Am Abend, als der Platz verwaist war und nur noch die Angehörigen zu Füßen der Gehenkten saßen, wechselte die Wache. Die neuen Soldaten gingen nicht länger vor den Toten auf und ab, sondern setzten sich rund um ein Feuer, das sie am Ende der nebeneinander aufgereihten Karren entzündet hatten. Alles war ruhig und die Nachtluft hatte sich abgekühlt. Arnau stand auf und ging an den Soldaten vorbei, wobei er sich bemühte, sein Gesicht zu verbergen.

»Ich gehe mir eine Decke holen«, sagte er.
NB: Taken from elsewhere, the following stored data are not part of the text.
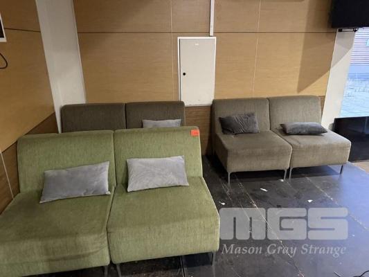 6 x MODULAR LOUNGE SECTIONS, 2 x GREEN & 4 x GREY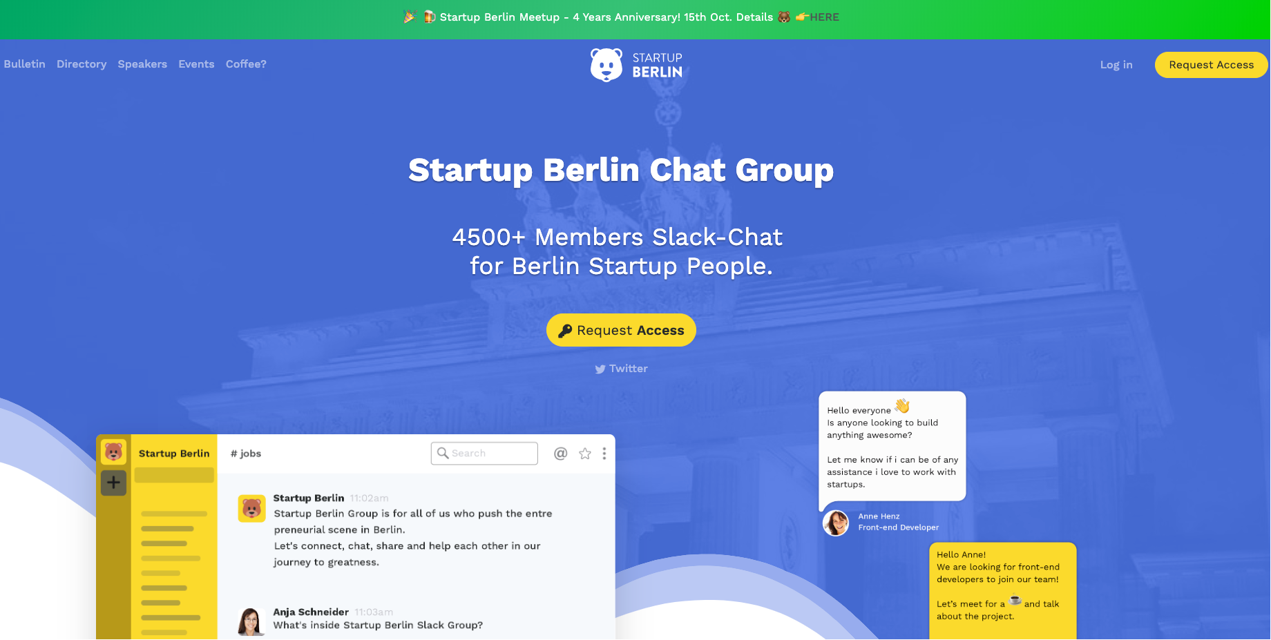VisitI contributed to the startup community making a landing page for Startup Berlin Slack-Chat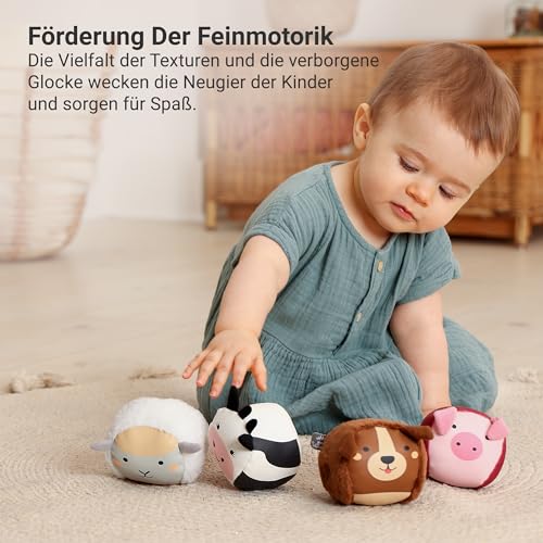 Little Big Friends Roly Poly Balls | Sensorisches Ballspielzeug für Babies, 4er Set | Bauernhof-Design

Einer der Soldaten warf ihm einen kurzen Blick zu.

Er ging über die Plaza del Blat bis zur Einmündung der Calle de la Mar. Dort wartete er eine Weile, während er sich fragte, wo Joan steckte. Es war die vereinbarte Zeit, er hätte bereits da sein müssen. Arnau stieß einen Pfiff aus. Ringsum blieb es still.

»Joan?«, wagte er zu rufen.

Aus einem Hauseingang löste sich ein Schatten.

»Arnau?«, war in der Dunkelheit zu hören.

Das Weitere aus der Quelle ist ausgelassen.